Our study’s findings have certain implications for both public health policies and individual lifestyle decisions, particularly within populations exhibiting a high prevalence of the rs301 variant. The study suggests that individuals who consume coffee have a lower odds ratio for MetS compared to non-coffee drinkers. This finding aligns with existing research indicating potential health benefits associated with moderate coffee consumption, such as improved metabolic health and reduced cardiovascular risk [32]. An interesting observation is the interaction between coffee consumption and the rs301 variant. We found a significant p-value for interaction, indicating that the protective effect of the rs301 genotypes against MetS was more pronounced among coffee drinkers. This interaction underscores the importance of considering both genetic factors and lifestyle choices in understanding metabolic health. Given that the study was conducted in Taiwanese adults, the findings may have cultural and regional implications. Therefore, public health initiatives and communication strategies may need to be adapted to suit the preferences and dietary habits of specific populations.

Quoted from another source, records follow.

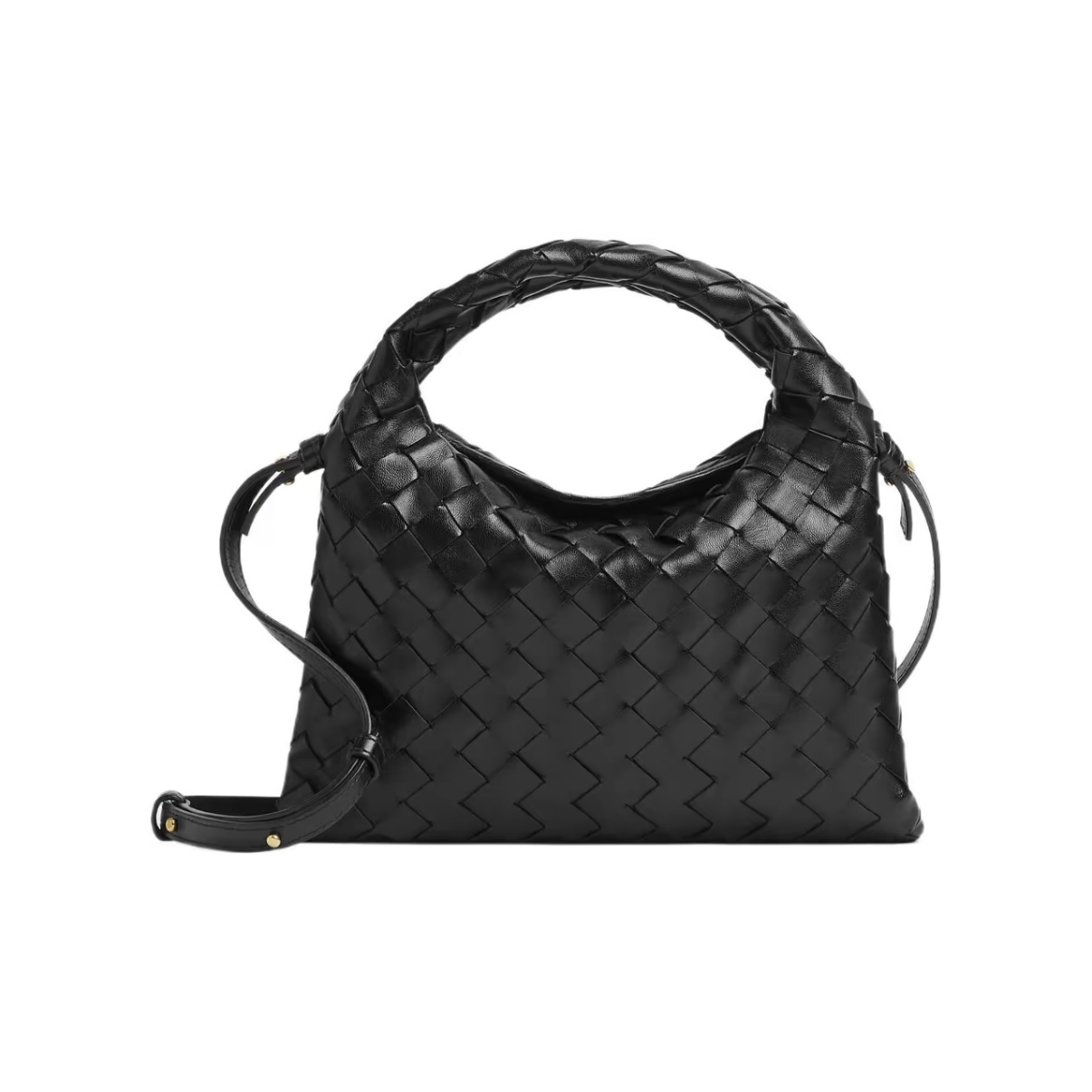 Bottega Veneta Hop Mini Intrecciato Calfskin Tote Shoulder Crossbody Bag with Magnetic Closure – Black
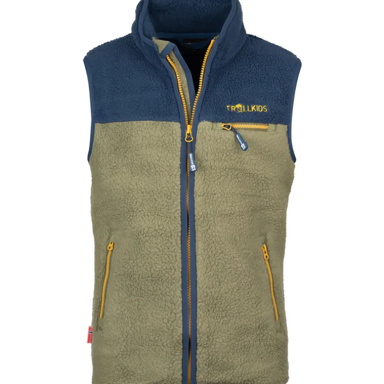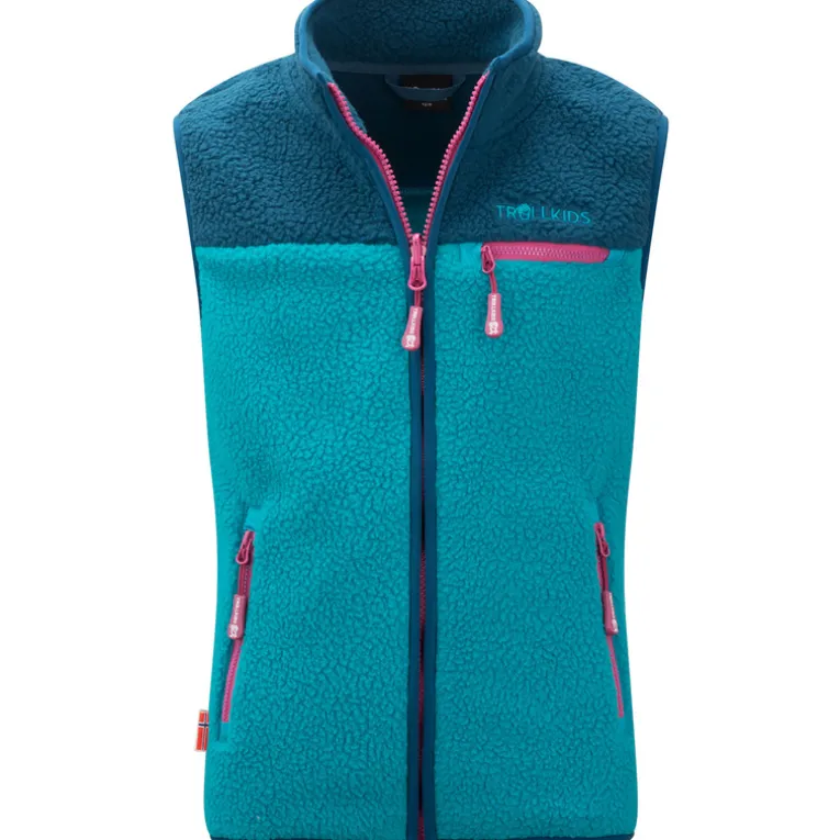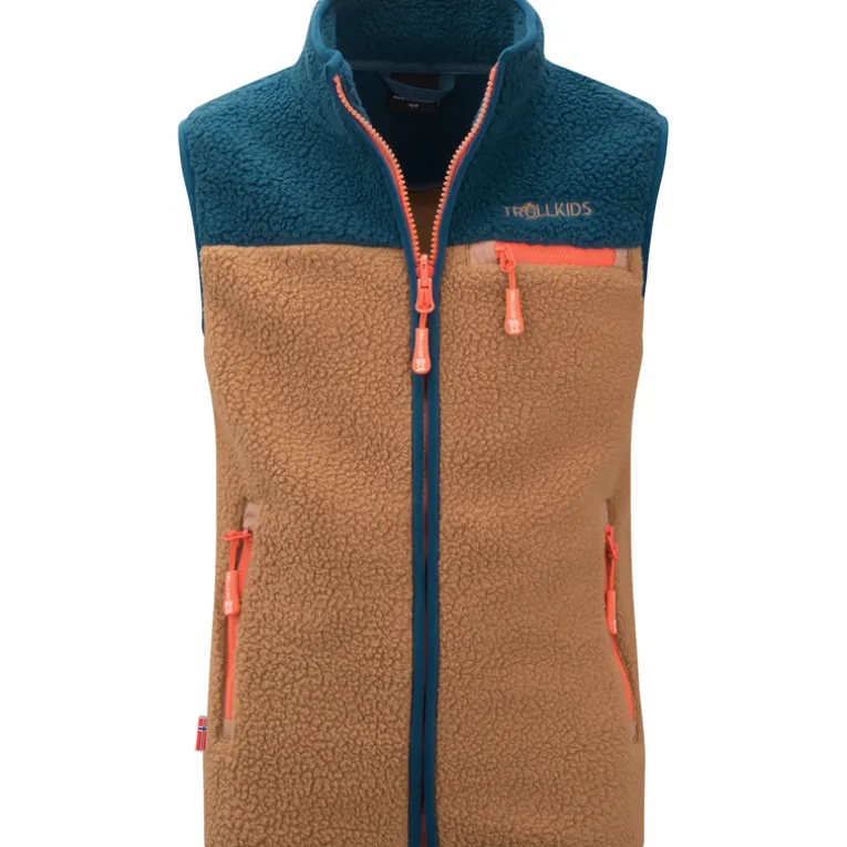 Die Trollkids Hemsedal Weste besteht innen wie außen aus herrlich weichem, dickem, kuscheligem Sherpa Fleece.
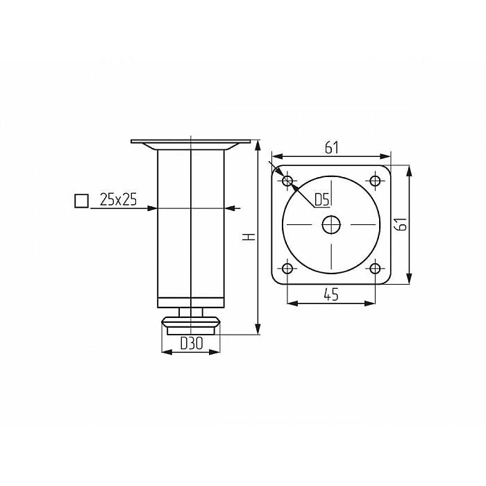 Опора мебельная Starfix SMF-4617 квадратная 25*150 мм хром
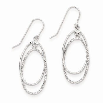 14k White Gold Polished and Textured Ovals Dangle Earrings

While our study boasts a sizable sample size, the limitation includes a lack of detailed information on caffeine intake and coffee preparation methods. Further research, encompassing diverse populations and exploring the molecular mechanisms underlying these associations, is warranted to validate and expand upon our findings.

Conclusions

In summary, the study suggests that the rs301 genotype may confer protection against MetS, particularly in the context of coffee consumption, and more so in older adults. These findings have the potential to inform personalized health strategies and contribute to the development of targeted interventions for metabolic health within specific populations.